## YOUR INSTRUCTIONS
Please look for the string "Figure" below and report every line in which it occurs.

## MATERIAL PROVIDED
_ _ _ _
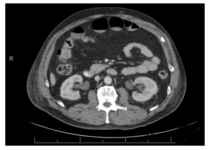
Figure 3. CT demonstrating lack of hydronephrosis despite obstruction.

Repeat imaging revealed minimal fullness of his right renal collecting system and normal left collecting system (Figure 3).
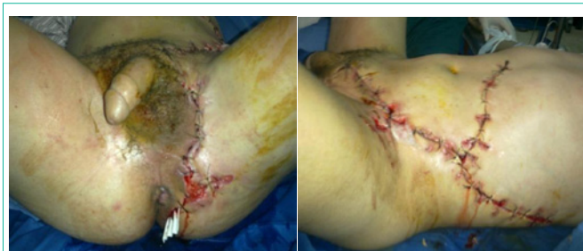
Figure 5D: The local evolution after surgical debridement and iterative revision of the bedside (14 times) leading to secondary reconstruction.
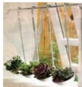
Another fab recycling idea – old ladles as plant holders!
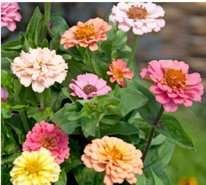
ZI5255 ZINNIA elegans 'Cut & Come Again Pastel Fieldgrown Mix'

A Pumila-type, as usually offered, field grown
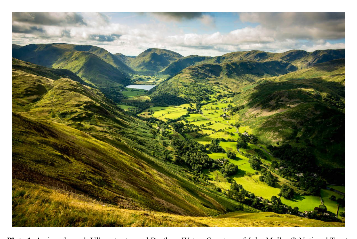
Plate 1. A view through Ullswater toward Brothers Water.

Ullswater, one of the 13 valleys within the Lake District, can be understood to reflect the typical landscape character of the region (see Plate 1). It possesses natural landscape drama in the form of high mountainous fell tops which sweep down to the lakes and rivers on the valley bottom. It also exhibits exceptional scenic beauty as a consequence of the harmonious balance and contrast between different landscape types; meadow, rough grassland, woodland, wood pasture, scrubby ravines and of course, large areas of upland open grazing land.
_ _ _ _
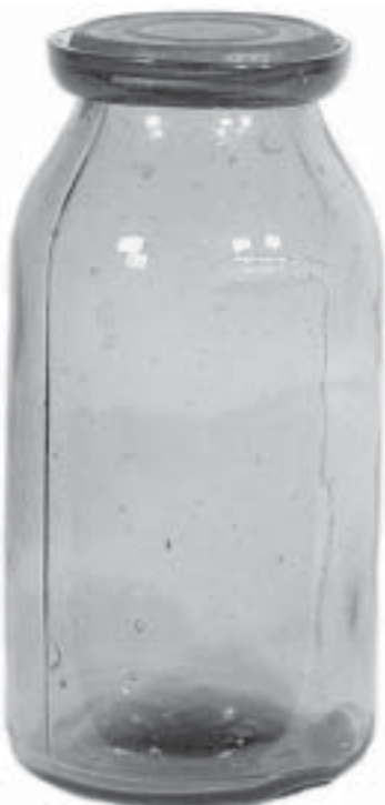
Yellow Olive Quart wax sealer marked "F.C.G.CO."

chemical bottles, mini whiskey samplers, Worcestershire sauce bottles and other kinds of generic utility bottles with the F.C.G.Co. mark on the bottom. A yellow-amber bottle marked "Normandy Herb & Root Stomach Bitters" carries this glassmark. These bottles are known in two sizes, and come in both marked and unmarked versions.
_ _ _ _
## TASK ANSWER
Figure 3. CT demonstrating lack of hydronephrosis despite obstruction.
Repeat imaging revealed minimal fullness of his right renal collecting system and normal left collecting system (Figure 3).
Figure 5D: The local evolution after surgical debridement and iterative revision of the bedside (14 times) leading to secondary reconstruction.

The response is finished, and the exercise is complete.